1 Perubahan teknologi varietas dengan menggunakan varietas unggul baru layak untuk diintroduksikan. Sumber pendapatan rumahtangga terbesar berasal dari usahatani jagung yang menggunakan varietas unggul baru dibandingkan dengan petani yang menggunakan varietas unggul lama. Namun pendapatan dengan sumbangan terbesar pada petani jagung varietas unggul lama berasal dari kegiatan usahatani selain jagung dan luar pertanian

2 Penggunaan varietas unggul baru lebih efisien dibandingkan dengan penggunaan varietas unggul lama. Secara umum efisiensi teknis cukup tinggi, namun demikian masih terdapat peluang untuk meningkatkan efisiensi teknis pada tingkat teknologi sekarang untuk mencapai produksi optimal. Faktor- faktor yang menjadi penyebab inefisiensi teknis adalah lama pendidikan, keanggotaan dalam kelompok tani, akses kredit dan penyuluhan.

3 Penggunaan varietas unggul baru berdampak positif yang nyata terhadap peningkatan pendapatan usahatani jagung. Peningkatan pendapatan ini membutuhkan dukungan lahan usahatani dan modal usaha. Peningkatan luas lahan garapan juga berdampak positif terhadap pendapatan usahatani selain jagung, modal kerja terhadap pendapatan non pertanian, dan akhirnya terhadap pendapatan agregat lahannya. Angkatan kerja dalam keluarga berdampak positif terhadap seluruh kategori sumber pendapatan, kecuali usahatani jagung.

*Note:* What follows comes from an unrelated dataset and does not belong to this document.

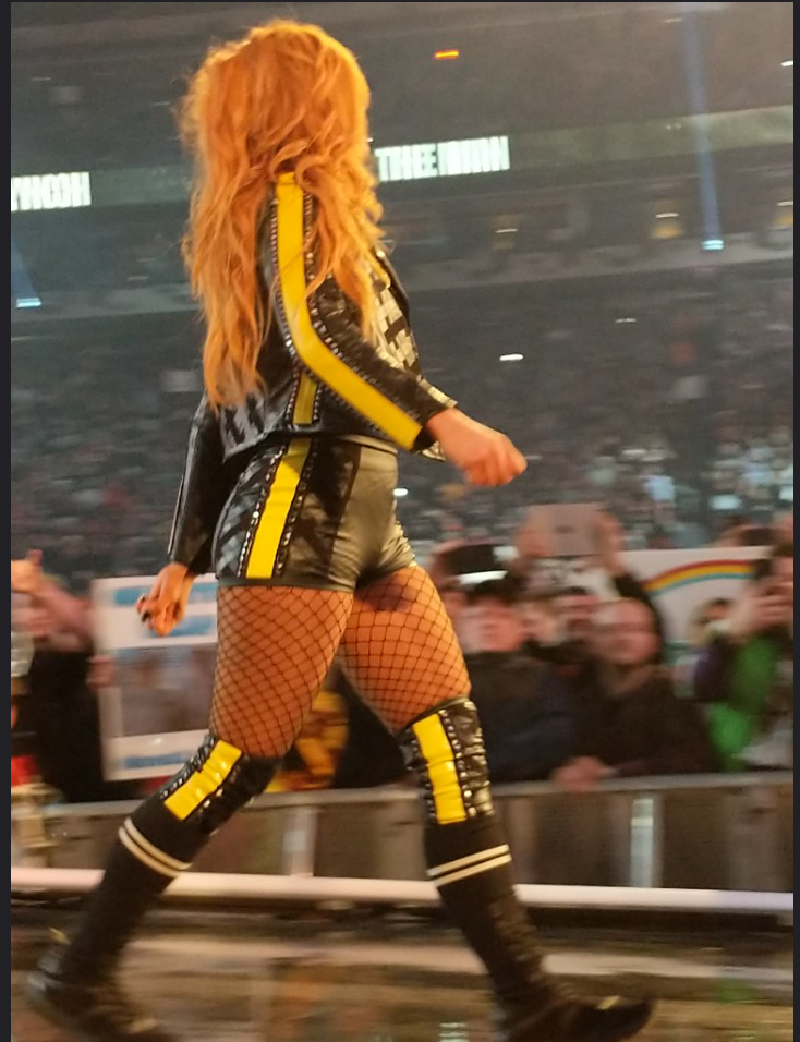 Becky Lynch at Wrestlemania 2019 on April 7, 2019
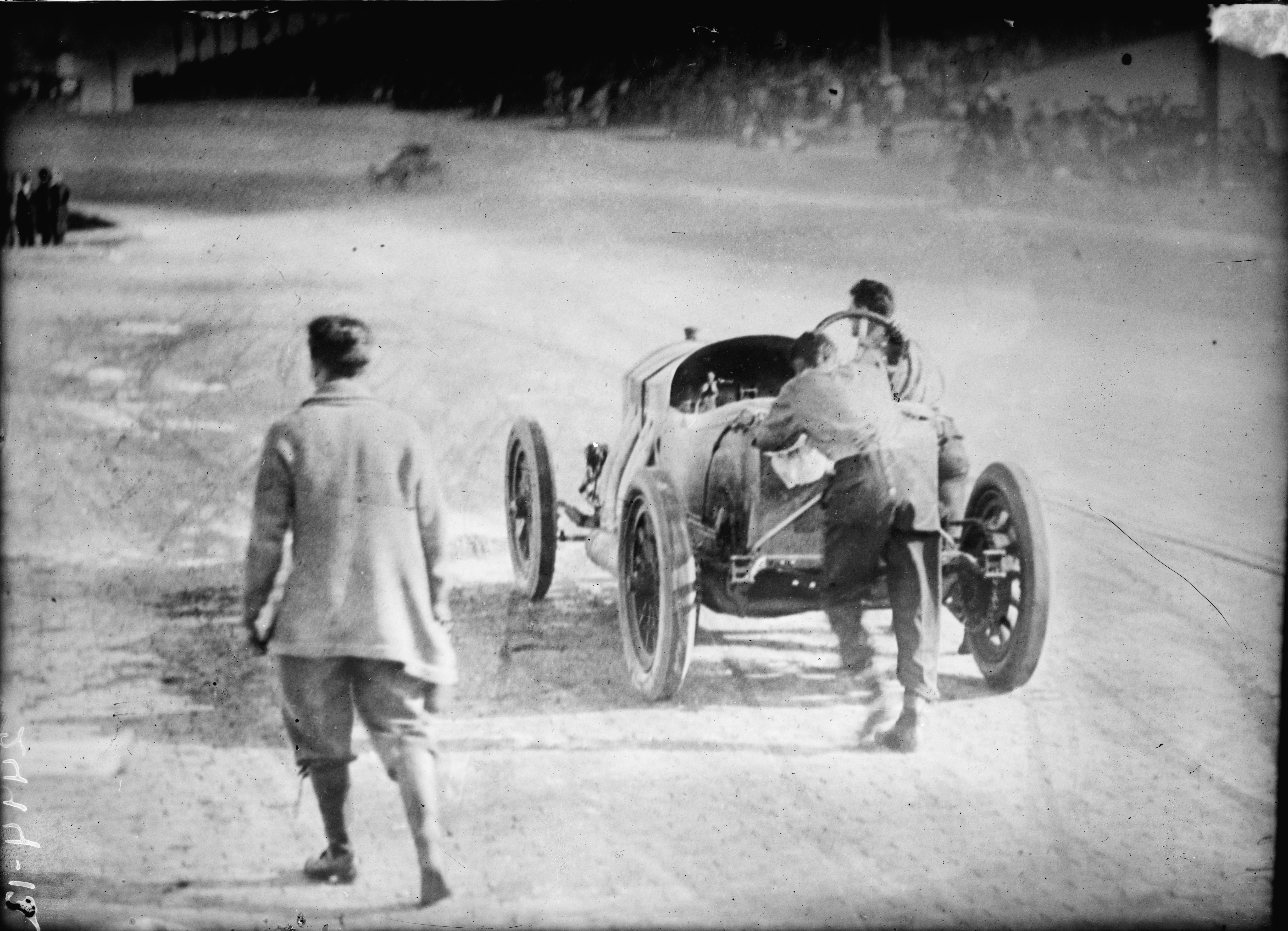 Ralph DePalma pushing his car at the 1912 Indianapolis 500 race

4 Perubahan teknologi dalam hal ini teknologi varietas unggul baru tidak serta merta membuat distribusi pendapatan makin tidak merata. Hal ini diakibatkan karena adanya pengalihan kegiatan dalam suatu rumahtangga petani jagung. Pengalihan kegiatan dari usahatani jagung ke usahatani selain jagung maupun kegiatan luar usahatani (non pertanian) menjadikan distribusi pendapatan merata pada rumahtangga petani jagung di Gorontalo. Jadi introduksi dan adopsi teknologi varietas jagung unggul baru tidak berdampak terhadap disparitas pendapatan rumahtangga petani.

Saran Implikasi Kebijakan

1 Masih terdapat peluang untuk meningkatkan efisiensi baik pada usahatani varietas unggul baru maupun pada varietas unggul lama untuk mencapai efisiensi usahatani maksimum. Peningkatan efisien dapat dilakukan melalui peningkatan manajemen usahatani baik teknis maupun kapabilitas manajerial petani.

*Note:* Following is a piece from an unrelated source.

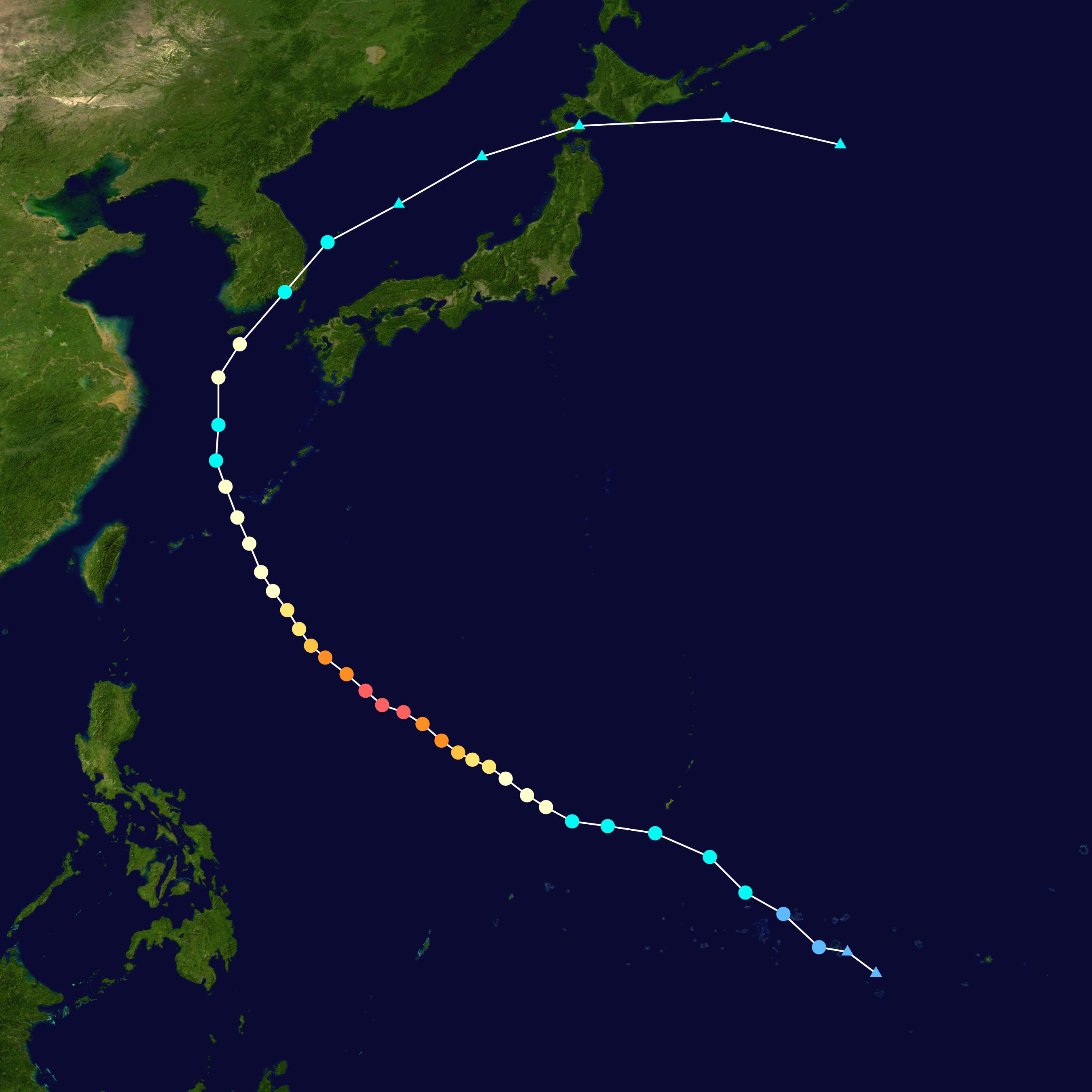 Track map of Typhoon Kong-rey of the 2018 Pacific typhoon season. The points show the location of the storm at 6-hour intervals. The colour represents the storm's maximum sustained wind speeds as classified in the Saffir–Simpson scale (see below), and the shape of the data points represent the nature of the storm, according to the legend below. Saffir–Simpson scale Tropical depression≤38 mph≤62 km/h Category 3111–129 mph178–208 km/h Tropical storm39–73 mph63–118 km/h Category 4130–156 mph209–251 km/h Category 174–95 mph119–153 km/h Category 5≥157 mph≥252 km/h Category 296–110 mph154–177 km/h Unknown Storm type Tropical cyclone Subtropical cyclone Extratropical cyclone / Remnant low / Tropical disturbance / Monsoon depression
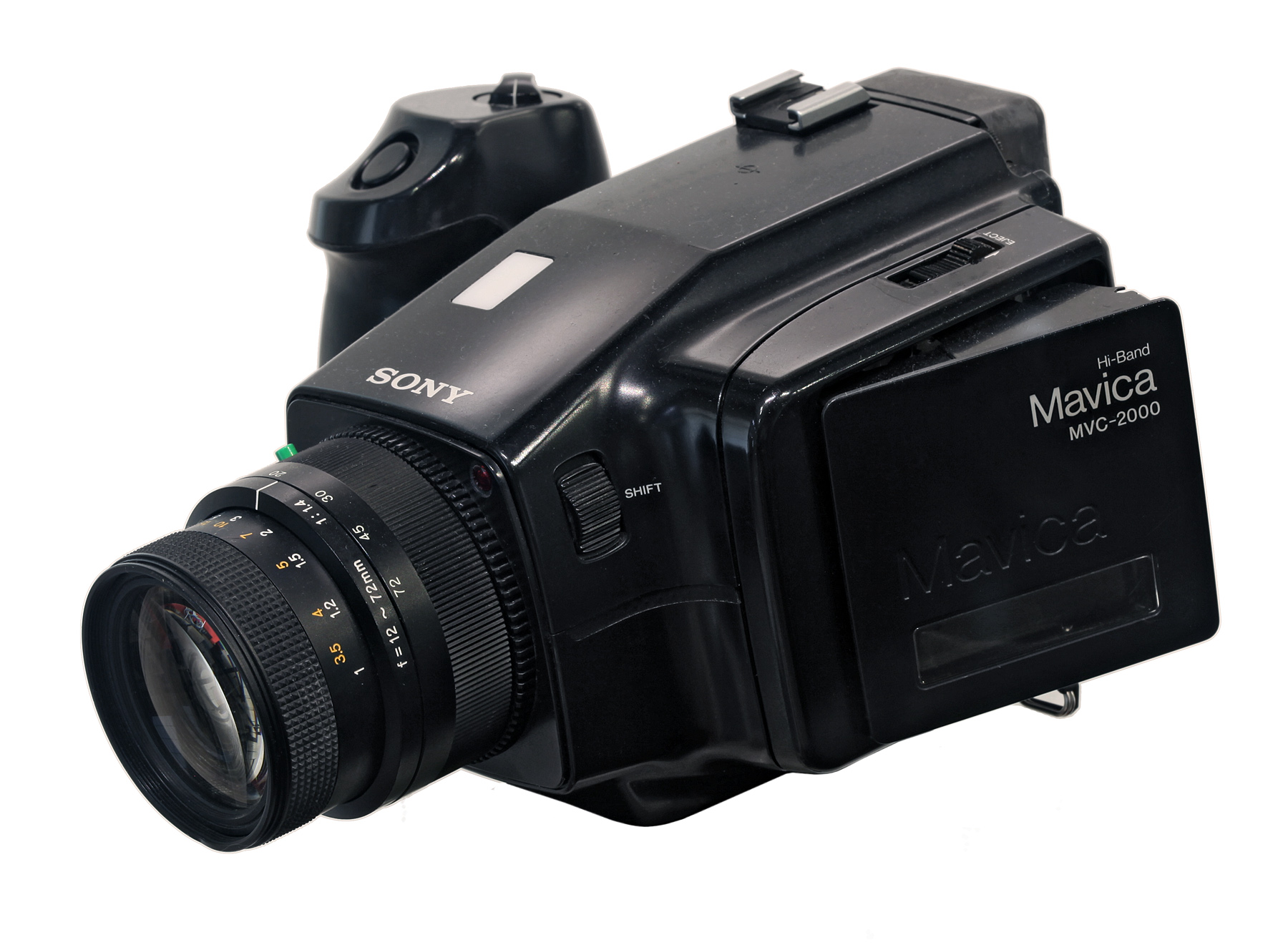 Sony Mavica MVC-2000 camera

2 Dibutuhkan ketersediaan dan akses kesempatan kerja dari luar usahatani jagung (khususnya non pertanian) melalui dukungan sarana dan prasarana, peningkatan kapasitas tenaga kerja dalam rangka akselerasi diversifikasi dan peningkatan pendapatan rumahtangga petani berlahan sempit.

3 Ketersediaan dan akses lahan serta kapital dalam menunjang peranan penting adopsi teknologi dan peningkatan pendapatan usahatani jagung dan pendapatan rumahtangga petani secara agregat. Ketersediaan dan akses kesempatan kerja serta berusaha di luar usahatani jagung dan non pertanian merupakan instrumen penting dalam peningkatan pendapatan rumahtangga petani.